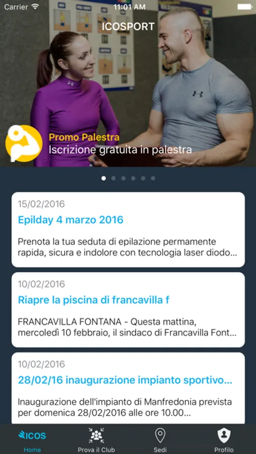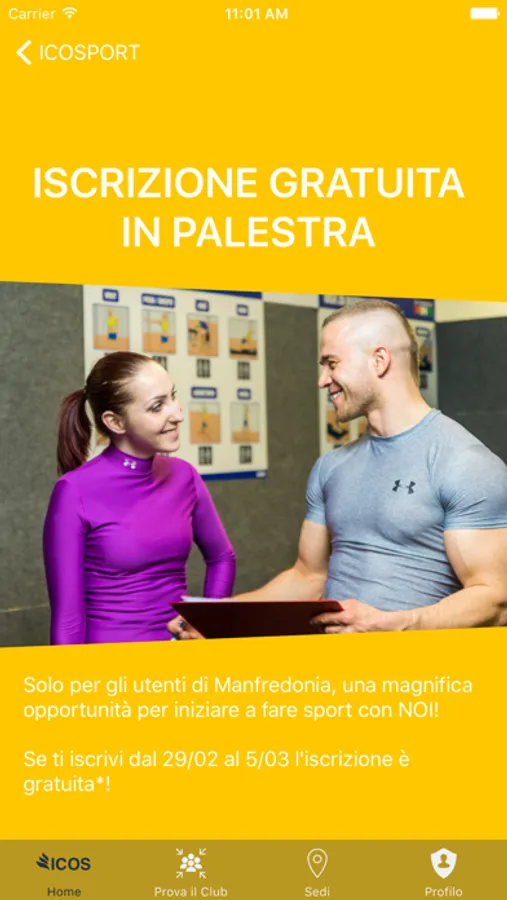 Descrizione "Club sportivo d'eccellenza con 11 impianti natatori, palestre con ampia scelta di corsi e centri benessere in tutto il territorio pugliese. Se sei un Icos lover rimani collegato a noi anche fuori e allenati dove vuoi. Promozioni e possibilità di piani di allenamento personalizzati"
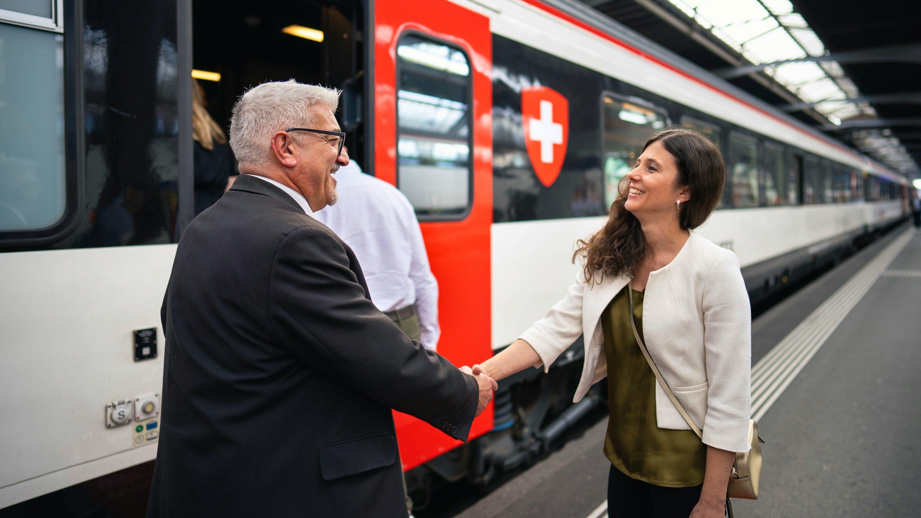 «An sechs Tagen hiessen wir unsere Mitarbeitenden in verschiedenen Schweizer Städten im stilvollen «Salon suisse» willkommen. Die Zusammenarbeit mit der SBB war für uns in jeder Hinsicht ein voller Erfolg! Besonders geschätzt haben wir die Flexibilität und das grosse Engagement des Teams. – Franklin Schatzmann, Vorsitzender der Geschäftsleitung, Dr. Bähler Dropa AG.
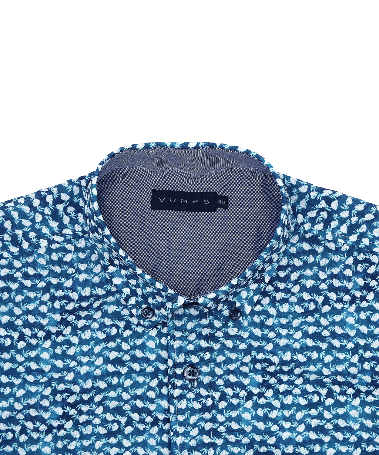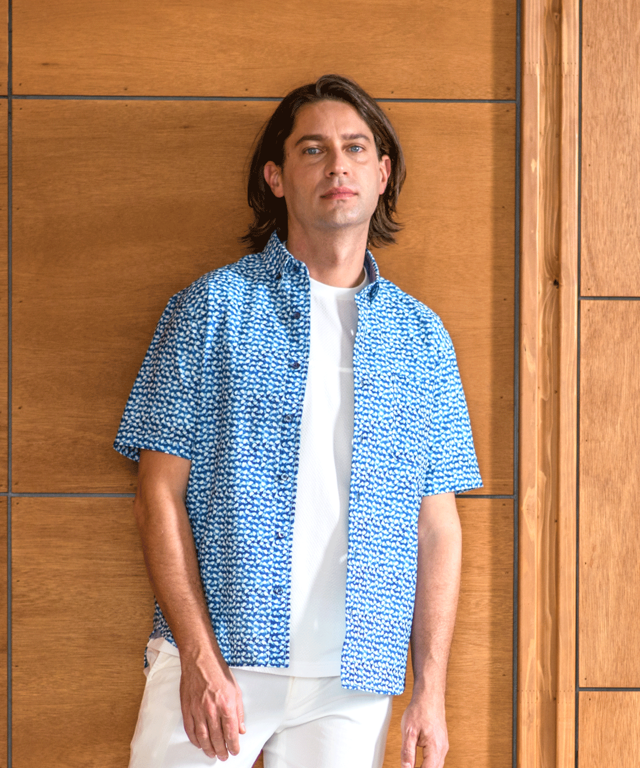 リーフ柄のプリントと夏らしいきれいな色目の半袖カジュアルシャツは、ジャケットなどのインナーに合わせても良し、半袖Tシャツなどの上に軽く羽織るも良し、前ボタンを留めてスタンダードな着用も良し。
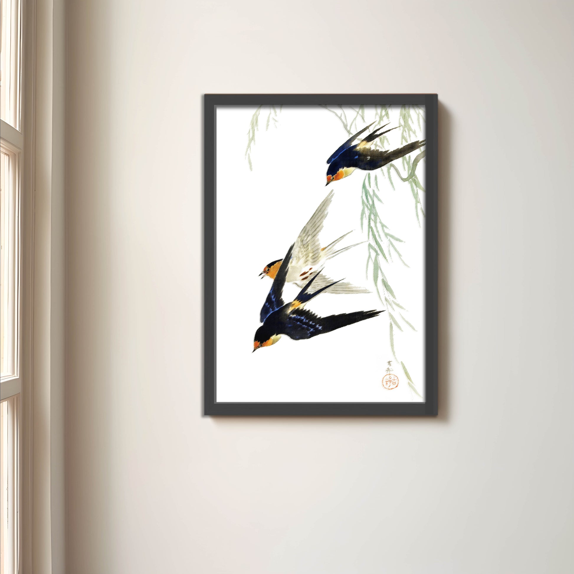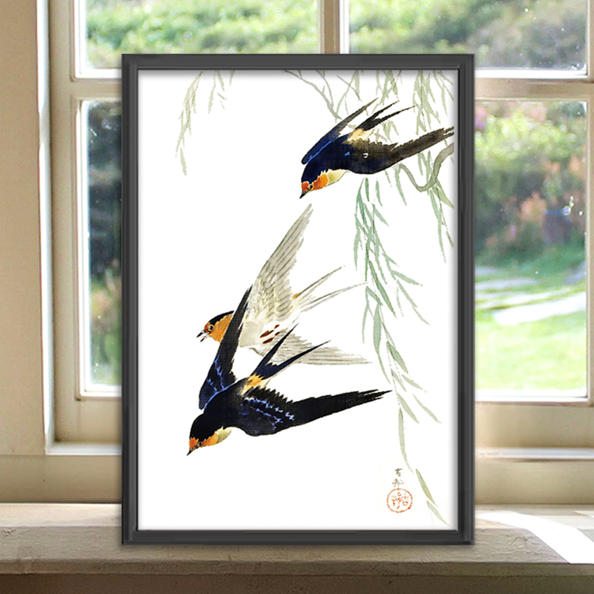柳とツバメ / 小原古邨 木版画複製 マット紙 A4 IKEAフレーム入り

REQUIREMENT
Output the line containing "Bähler Dropa AG." and each line after it, through the end of the material, exactly as given. No pictures belong in the output.

OUTPUT FOR THIS EXERCISE
 «An sechs Tagen hiessen wir unsere Mitarbeitenden in verschiedenen Schweizer Städten im stilvollen «Salon suisse» willkommen. Die Zusammenarbeit mit der SBB war für uns in jeder Hinsicht ein voller Erfolg! Besonders geschätzt haben wir die Flexibilität und das grosse Engagement des Teams. – Franklin Schatzmann, Vorsitzender der Geschäftsleitung, Dr. Bähler Dropa AG.
 リーフ柄のプリントと夏らしいきれいな色目の半袖カジュアルシャツは、ジャケットなどのインナーに合わせても良し、半袖Tシャツなどの上に軽く羽織るも良し、前ボタンを留めてスタンダードな着用も良し。
柳とツバメ / 小原古邨 木版画複製 マット紙 A4 IKEAフレーム入り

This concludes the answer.